At present around 14.3 million of Virgin Media’s premises are reached via their older Hybrid Fibre Coax (HFC) network using DOCSIS 3.1 technology, while more than 1 million of their premises are also being served by “full fibre” FTTP using the older Radio Frequency over Glass (RFoG) approach to ensure compatibility between both sides of their network.
The operator’s existing FTTP and HFC deployments are already capable of gigabit speeds, but in order to stay competitive into the future, VMO2 needed to go beyond this. The solution they chose, as announced last year (here and here), was to upgrade all of their existing HFC areas – at a cost of c.£100 per home (using their existing ducts) – to support the latest 10Gbps XGS-PON powered FTTP technology by 2028 (Project Mustang).
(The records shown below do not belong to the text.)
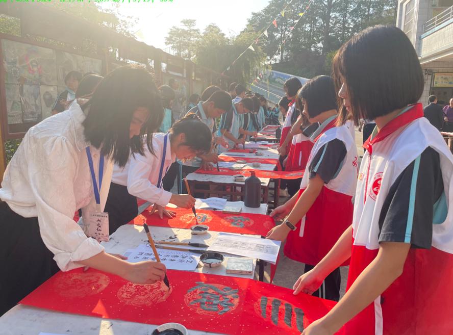 会后,领导与师生一行参观了莲都中学的美育成果,一同参与了由莲都中学书法社团师生及文学院书法实习生共同组织的 “我家春联我来写”现场书写活动。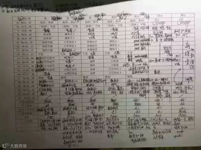 浙大一位学霸因为一张密密麻麻的作息表走红。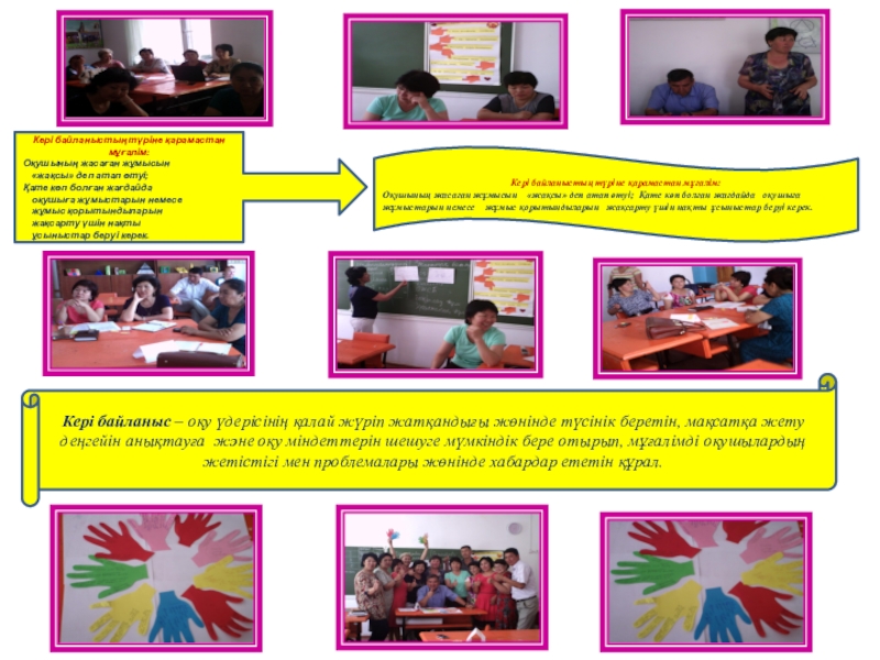 Оқушының жасаған жұмысын «жақсы» деп атап өтуі; Қате көп болған жағдайда оқушыға жұмыстарын немесе жұмыс қорытындыларын жақсарту үшін нақты ұсыныстар беруі керек.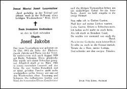 Gefallener 2. Weltkrieg; Eltern: Jacob Jakobs u. Maria geb. van der Vorst; ∞ 8.8.1939 Berta Nelessen; 1 Sohn; Kriegsgefangenschaft; Druck in Waldniel |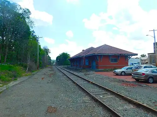 Wellsville Erie Depot is a historic train station located at Wellsville in Allegany County, New York. It was constructed in 1911, for the Erie Railroad. It is a one-story, 132-foot (40 m) by 33-foot (10 m) structure displaying elements of the Queen Anne and Romanesque Revival styles popular in the late 19th and early 20th century. It is located across the street from the Wellsville Post Office.[5]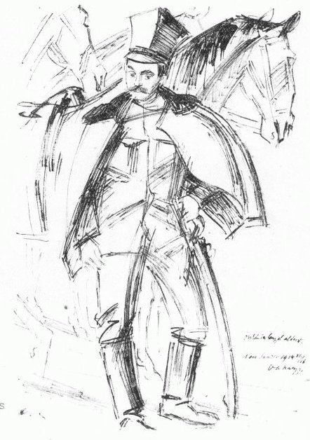 Az északi harctérről a hadisajtószállást levezényelték a déli harctérre, akkor betekintett hozzánk a művész (lovaglónadrág, lábszárvédő - és az elmaradhatatlan esernyő), beszélt igen sok érdekes és nagyon tanulságos dolgot, s azután, s azután, ment le ő is, délre.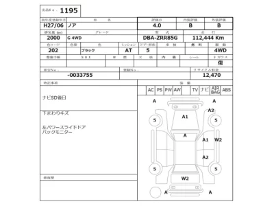 Toyota Noah Комплектация: G 4WD Год: 2015 Объем: 2000 см³ Мощность: 152 л.с. 112 кВт Трансмиссия: FULLTIME4WD Кузов: ZRR85G Пробег: 112000 км. Оценка: Аукцион: NISSAN Osaka Лот: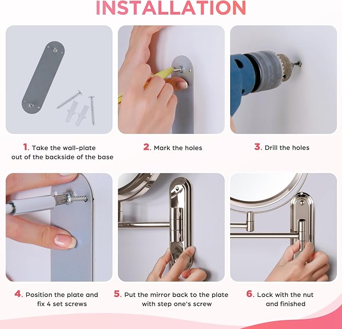 - 【Easy to Install】All installation accessories and instructions come with the wall-mounted mirrors in the package. The makeup mirror wall mounted is easy to install, anyone can install it in 5 minutes.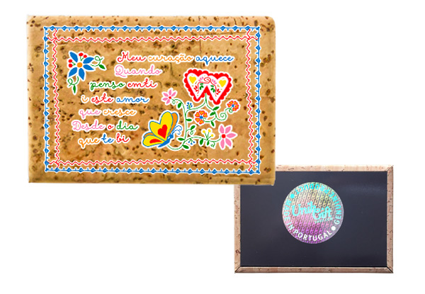 Typical theme of northern Portugal, characterized by misspelling poetry, bright colors and quotidian symbols. Magnetic with Portuguese natural cork finish, with high quality printing. Individual packaging and holographic seal "Made in Portugal".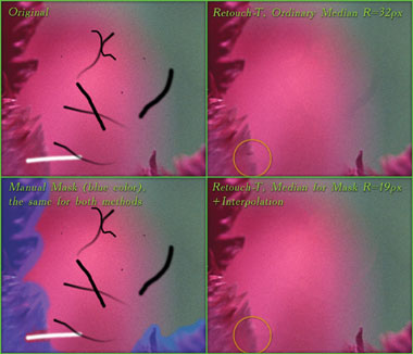 Рис. 31 демонстрирует «клинический» случай, который лучше позволяет сравнить обычное сглаживание медианой и метод с интерполяцией. Видно, что при обычном сглаживании требуется почти вдвое больший радиус, чтобы устранить дефект (машина работает медленно). К тому же дефект, пересекающий границу лепестка цветка, не удалось аккуратно убрать. На месте большого изюяна справа остался «дух». Метод с интерполяцией при меньшем радиусе медианного сглаживания (которое играет теперь лишь вспомогательную роль «проявителя» дефектов) значительно лучше справляется с задачей. Ручная маска в обоих случаях идентична.

An early technology pilot of this approach was conducted on 50,000 premises in Stoke, Salisbury and Wakefield earlier this year, but the main rollout programme has now been running for around 6 months. The good news is that the operator has this month begun to switch on this new network and connect their first live trial customers.
Jeanie York, VMO2’s Chief Technology Officer, said:
“This month marked an important milestone in the future evolution of our broadband services: for the first time, we switched on state-of-the-art XGS-PON technology on our live full-fibre network. The first trialists are benefitting from this new technology which, in the years to come, will power every broadband connection on our network building on the gigabit leadership we have today.
In future, customers could upload as quickly as they download with speeds of up to 10Gbps – ten times faster than the top speeds today – with nearly imperceptible delays … Not only does XGS-PON support multi-gigabit symmetrical speeds, but it provides a far more energy efficient networking solution. The technology uses less power, helping reduce our energy consumption and deliver our broader sustainability ambitions.”
However, at present, the operator has yet to announce what sort of packages and prices they’ll launch alongside the new XGS-PON network, but we suspect they won’t announce that until the upgrade programme has achieved better coverage (probably sometime later in 2023).
The same technology also underpins the group’s separate plan to rollout FTTP to an additional 7 million UK premises – under a new entity – to new greenfield areas by 2027, which will be offered at wholesale to rival ISPs.
Any idea if they’ll trial upgrading their FTTP (RFoG) areas too, you’d think this would be easier (in terms of low/no build and just have kit swap outs – space permitting).
I always find it a bit surprising they’ve got various FTTP areas already which will be on mismatched kit (especially areas they bought – like Swadlincote) and they’ve not announced tackling any of those.
In my head at least you’d think it would be a “quick win” to bump those areas to 10gig “availability”
So far as I’m aware, everything will be going XGS-PON.
RFOG is effectively FTTB, no? Assume it’s based on g-pon?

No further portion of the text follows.